Approach 1 has the lowest computational cost because it does not require numerical integration; conversely, Approaches 3 and 5 have the highest computational cost because they require numerical integration in two dimensions. The performance of different approaches in distinguishing nucleosomal from nonnucleosomal windows (as measured by AUROC) is shown in Supplemental Figure 14. Based on these results, we conclude that the simple likelihood ratio (Approach 1) performs significantly worse than all of the Bayes-factor–based approaches (Approaches 2–5). Among the Bayes-factor–based approaches, those that integrate out both a and b do not perform markedly better than those that integrate out only a, despite requiring significantly more computation time. Therefore, we decided to use an approach that only integrates out a. Finally, adding the oscillation pattern zt provides better performance, and this improved performance arises without incurring additional computation time, so we included it in our final approach: Approach 4.

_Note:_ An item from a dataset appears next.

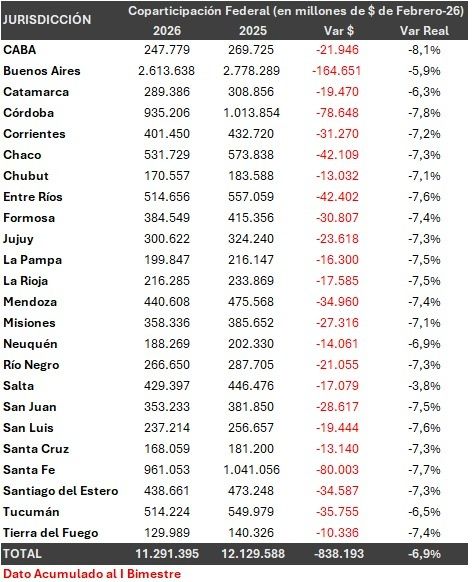 Según las datos oficiales de la recaudación, entre enero y febrero, las provincias acumulan una pérdida de 838 mil millones de pesos en términos reales respecto a lo que cobraron de coparticipación federal en relación al mismo período de 2025. Todas las provincias sufrieron una variación real negativa con un promedio del 6,9% entre los 24 distritos. Las más perjudicadas fueron la Ciudad Autónoma de Buenos Aires, que perdió un 8,1% respecto de enero y febrero de 2025, seguida por Córdoba, con le 7,8% y Santa Fe, con el 7,7%.
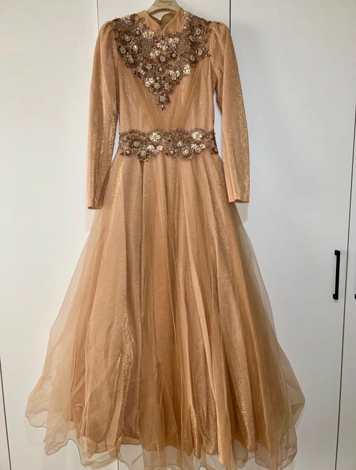 Bej renkli, uzun kollu ve drapeli bu vintage abiye elbise parlak kumaştan, tekdüze desensiz, bol kesimdir. Yaka ve bel kısmında süslemeler bulunur, düğün için uygundur. Kuru temizlemesi yapılmış bir kere giyilmiştir kusursuz tül şalı ile

Mapping nucleosome positions with a greedy algorithm
We wanted to produce a genome-wide map of nucleosome positions, given the moving window nucleosome scores across the genome. To identify the nucleosome centers that would comprise our map, we used the following greedy algorithm, which is quite similar to the one used by Brogaard et al. (2012):
Rank the series of nucleosome scores in descending order.
The genomic position corresponding to the highest nucleosome score is called a nucleosome center.
The nucleosome scores in the 117-bp window centered on the position identified in the previous step are removed from the series. We chose 117 bp instead of 147 bp to allow some overlap between two selected nucleosomes; this can partially mitigate the greediness of the algorithm. We confirmed that the result shown in Figure 2B is largely unchanged for parameter values between 97 bp and 127 bp (see Supplemental Fig. 15).
Repeat all of the above steps until no nucleosome score greater than zero remains in the series.
Applying this algorithm to the whole genome or separately for each chromosome gives identical results, so we did the latter when computing our genome-wide nucleosome position map (to reduce memory usage).
Comparing pairs of nucleosome maps
To compare a given nucleosome map with a reference nucleosome map, we calculated three quantities: the number of nucleosomes shared between the two maps (true positives), the number of nucleosomes that only appear in the reference map (false negatives) and the number of nucleosomes that only appear in the given nucleosome map (false positives). If two nucleosome centers on the two different maps were <73 bp away from each other, they were said to overlap and thus be shared between the two maps; otherwise, they were either false negatives or false positives. The total number of true positives, false negatives, and false positives were computed and reported. In addition, for all nucleosomes shared between two maps, we calculated the center-to-center distances between corresponding shared nucleosomes. We used kernel density estimation (with a kernel bandwidth of 1 bp) to visualize the distribution of these distances, as shown in Figures 2A and 5B.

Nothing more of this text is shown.